Plato once said music “gives a soul to the universe, wings to the mind, flight to the imagination and life to everything.”
And he was right. But music is not only impactful for our imagination, listening to music while sleeping can improve our bodies and health.
If you’re like the average human, you will spend about 26 years of your life sleeping. This equates to 9,490 days or 227,760 hours.
As if that’s not enough, you’d also spend 7 years trying to get to sleep. So if you’re looking for ways to get a good sleep and wake up more rested, keep reading.
In this article, we will discuss the research and benefits of listening to music while sleeping.
1. Improve sleep quality
The quality of sleep is not just how many hours you sleep.
Sure, that matters. But often, the most important factor for sleep quality is whether we indeed rested during the state of sleep.
The lack of sleep quality is why you’ll find people complain that although they sleep for several hours, they wake tired.
More hours doesn’t necessarily equal better rest. A good rest depends on a few factors.
The primary one is how well your brain waves slow down 90 minutes after falling asleep.
That’s a stage referred to in the sleep cycle as Rapid Eye Movement. Listening to music while sleeping can help facilitate the stages that lead to that.
Researchers split the participants into two groups: 25 to the music group and the other 25 to a control group.
Participants in the music group listened to soothing music for 45 minutes at nocturnal sleep time. The control group did not.
It turns out that the group that listened to music significantly increased their rested state during sleep. But that’s not all. They also shortened the time their brain waves shut down.

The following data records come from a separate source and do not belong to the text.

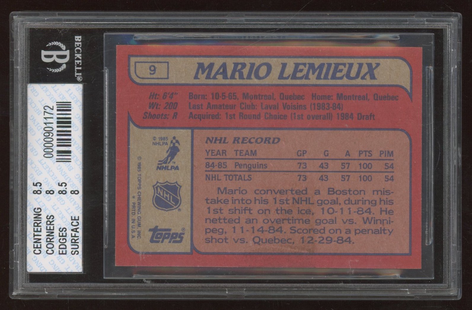 Mario Lemieux 1985-86 Topps #9 RC (BGS 8)
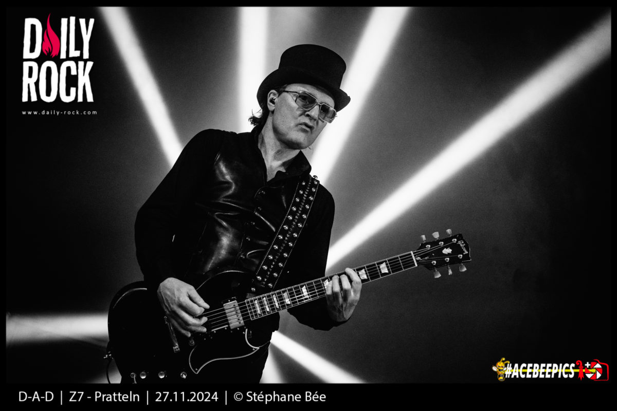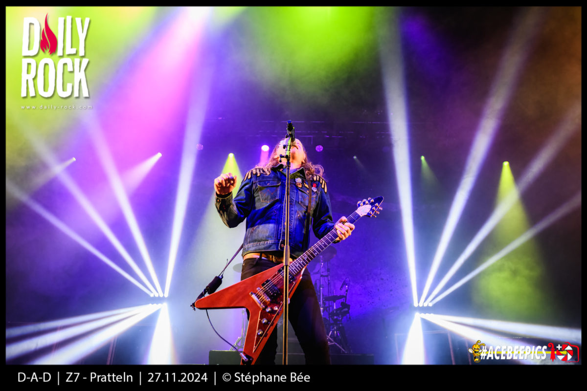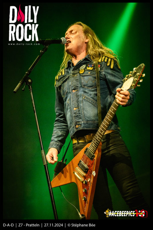 Quatre rappels viendront clore cette chaleureuse et intense soirée rock avec des interprétations d’anthologie de l’immortel ‘Sleeping My Day Away’ et du délicat ‘Laugh ‘n’ a ½’ à la guitare acoustique (Jacob + Jasper). Pas de crise de la quarantaine chez D-A-D et on s’en réjouit !
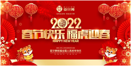 告別牛年,迎來虎年!在2022年新春即將來臨之際,亞獅金屬旗下亞爾獅品牌攜全體員工向新老客戶、廣大經銷商以及關注亞獅金屬發展的各界朋友們,致以新春的問候和美好的祝愿!
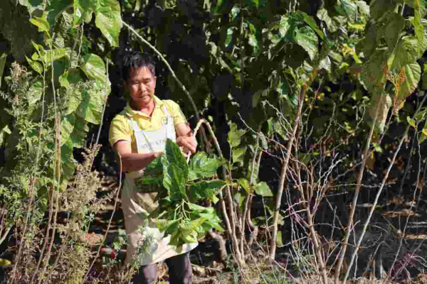 巧家縣白鶴灘街道舊營(yíng)村蠶農(nóng)采摘桑葉
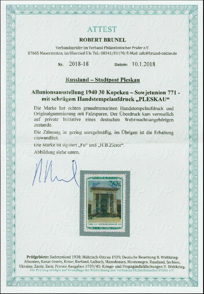 | Zusatzinformationen und Suchstichworte: | 383. Auktion Heinrich Köhler 14.–15. & 18.–23. März 2024 Los 3156 Deutsche Besetzung II. WK Russland - Pleskau Aserbaidschanische SSR 30 K. mit grauultramarinem Handstempelaufdruck "PLESKAU", sauber ungebraucht, gering unregelmäßig gezähnt, winzig fleckig Ausruf 500,00 EUR |
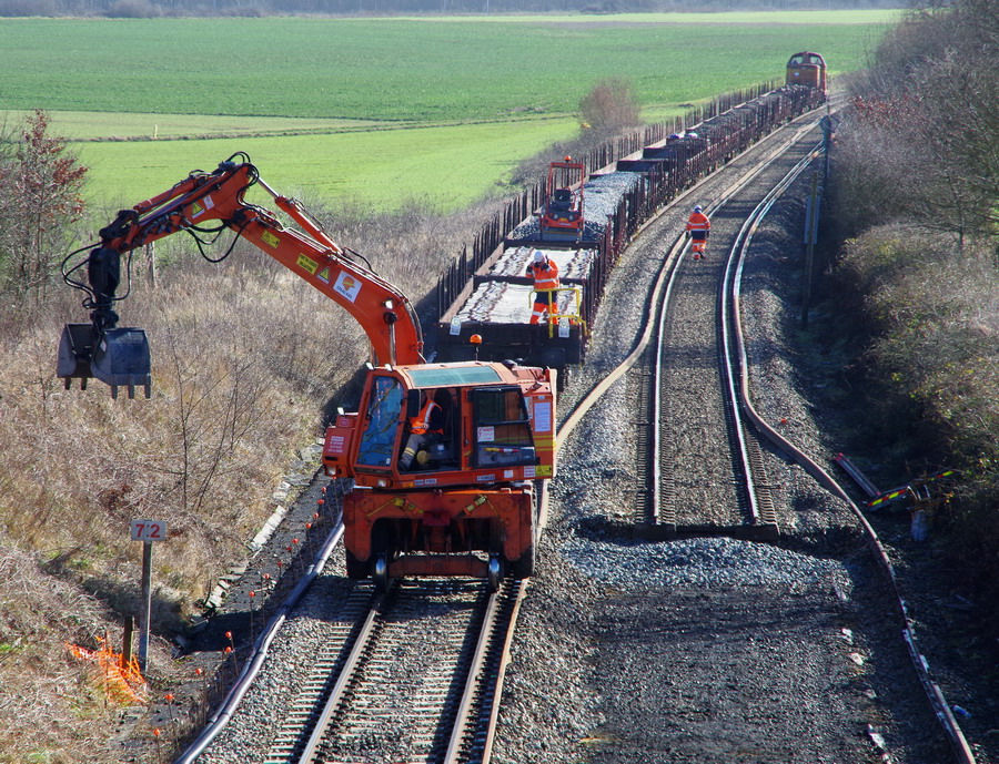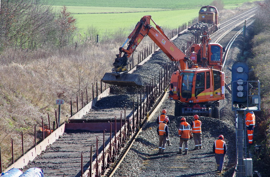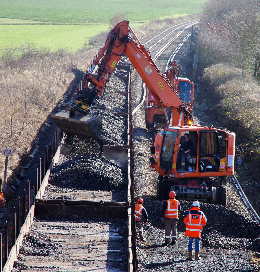l'ensemble des travaux avec les Pelles Rail route UNAC 22 TRR et CASE 788 TRR de Colas Rail à Jussy le 16-02-2018
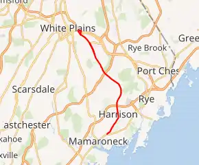 New York State Route 127 (NY 127) is a 6.36-mile (10.24 km) north–south state highway in Westchester County, New York, in the United States. It begins at an intersection with U.S. Route 1 in the village of Mamaroneck and ends at an interchange with I-287 in the city of White Plains. The route also connects to the Hutchinson River Parkway in the town of Harrison. NY 127 was assigned as part of the 1930 renumbering of state highways in New York; however, parts of the road had been state-maintained since the 1910s. Within White Plains, NY 127 is maintained by Westchester County as County Route 30 (CR 30). The concurrent county route designation is unsigned, as are all county routes in Westchester County.
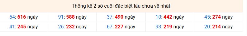 ⚡ Thống kê giải đặc biệt lâu chưa về: 54 - 91 - 37 - 10 - 45
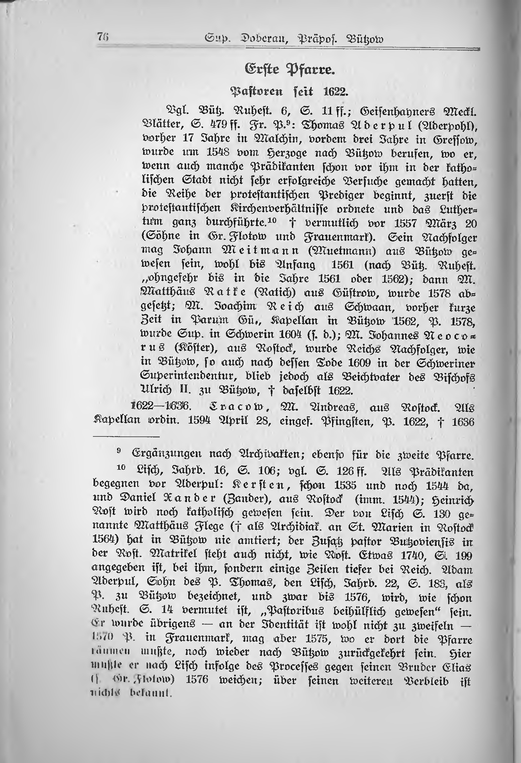 - Vgl. Bütz. Ruhest. 6, S. 11 ff.; Geisenhayners Meckl. Blätter, S. 479 ff. Fr. P.[1]: Thomas Aderpul (Aderpohl), vorher 17 Jahre in Malchin, vordem drei Jahre in Gressow, wurde um 1548 vom Herzoge nach Bützow berufen, wo er, wenn auch manche Prädikanten schon vor ihm in der katholischen Stadt nicht sehr erfolgreiche Versuche gemacht hatten, die Reihe der protestantischen Prediger beginnt, zuerst die protestantischen Kirchenverhältnisse ordnete und das Luthertum ganz durchführte.[2] † vermutlich vor 1557 März 20 (Söhne in Gr. Flotow und Frauenmark). Sein Nachfolger mag Johann Meitmann (Muetmann) aus Bützow gewesen sein, wohl bis Anfang 1561 (nach Bütz. Ruhest. „ohnegefehr bis in die Jahre 1561 oder 1562); dann M. Matthäus Ratke (Ratich) aus Güstrow, wurde 1578 abgesetzt; M. Joachim Reich aus Schwaan, vorher kurze Zeit in Parum Gü., Kapellan in Bützow 1562, P. 1578, wurde Sup. in Schwerin 1604 (s. d.); M. Johannes Neocorus (Köster), aus Rostock, wurde Reichs Nachfolger, wie in Bützow, so auch nach dessen Tode 1609 in der Schweriner Superintendentur, blieb jedoch als Beichtvater des Bischofs Ulrich II. zu Bützow, † daselbst 1622.
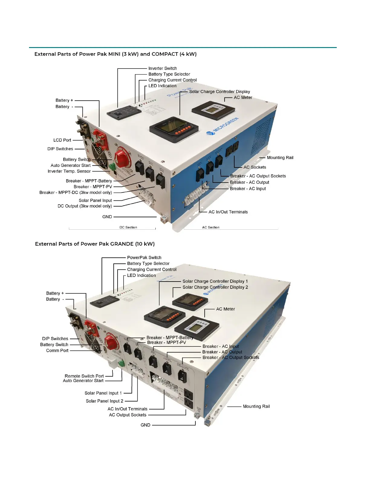 Microgreen Power Pak - External Parts of Power Pak MINI and COMPACT; External Parts of Power Pak GRANDE
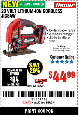 20 VOLT CORDLESS JIG SAW Lot No. 63630 Expired: 1/26/20 - $44.99 Coupon Code: '31074748'

2. Facilitates deeper and longer sleep
If you like to take afternoon naps, it’s possible you need a deeper sleep in a short period.
Or maybe you have a busy night schedule and so have only a few hours to sleep. In any of these cases, deep sleep is important for you.
Listening to music while sleeping can be a powerful way to fall into a deep sleep.
In one study, researchers looked into the effect of sedative music on the sleep cycle.
Researchers enrolled 24 young adults and observed their sleep patterns. So for two nights in a row, researchers assigned participants to two groups in a random way.
One group listened to sedative music composed by certified music therapists for the first hour the participant was in bed. The other group didn’t listen to any music.
The results showed that sedative music improved the quality of sleep by prolonging the duration of deep sleep.
Also, music provides an alternative and noninvasive way to improve sleep. This really helps if you experience sleep problems.
But that’s not all.
Another study in the Journal of Music Therapy found something fascinating. Turns out people who listened to background music had significant improvement in sleep duration over time.
Indeed, 66.7 percent of those participants who listened to music slept longer hours.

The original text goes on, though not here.